MASA_COVID-19 : ACTUALISATION DE LA FAQ POUR L’ENSEIGNEMENT TECHNIQUE AGRICOLE

La FAQ Covid-19 pour l’enseignement technique agricole a été actualisée  FAQ Covid-19 Enseignement technique agricole (version du 26 août 2022).

Cette  version intègre les éléments de la FAQ du ministère de l’Éducation nationale et de la Jeunesse (version du 24 août 2022) et, compte tenu de la situation sanitaire, retient, à compter de la rentrée scolaire pour l’ensemble du territoire national, l’application du niveau socle pour la mise en œuvre du protocole prévu par la note de service n°2022-555 du 19 juillet 2022.

Ce niveau prévoit des cours en présentiel et le déroulement des activités physiques et sportives sans restrictions. Le port du masque n’est pas obligatoire pour les élèves et les personnels. Toutefois, il demeure fortement recommandé pour les personnes symptomatiques, les contacts à risque, les cas confirmés après leur période d’isolement et les personnes à risque de forme grave.

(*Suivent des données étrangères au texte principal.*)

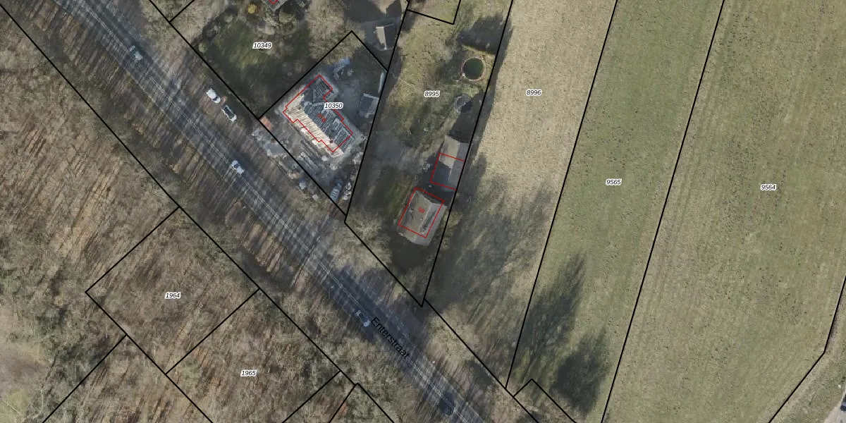 Het perceel waarop Enterstraat 99 staat heeft een oppervlakte van 1705 m². Dit is een zeer groot perceel. De perceeloppervlakte wordt geregistreerd door het Kadaster. Gedetailleerde informatie over de maten van dit perceel kunt u vinden in het rapport Kadastrale kaart met maatvoering van Enterstraat 99.

Par ailleurs, le respect des gestes barrières demeure recommandé, en particulier :
– le lavage régulier des mains ou la mise à disposition de produits hydroalcooliques ;
– l’aération fréquente des locaux (10 minutes toutes les heures) ;
– le nettoyage des sols et des grandes surfaces une fois par jour et une désinfection régulière des surfaces fréquemment touchées.

MASA_CADRE SANITAIRE APPLICABLE DANS LES ÉTABLISSEMENTS DE L’ENSEIGNEMENT AGRICOLE TECHNIQUE À PARTIR DE LA RENTRÉE

La note de service n°DGER/SET/SDEDC/2022-555 du 19 juillet 2022 présente les orientations retenues, dans un cadre interministériel, en matière de protocole sanitaire pour l’organisation et le fonctionnement des établissements de l’enseignement  agricole technique à compter du mois de septembre 2022, dans le contexte  de circulation de la Covid-19 et des textes en vigueur.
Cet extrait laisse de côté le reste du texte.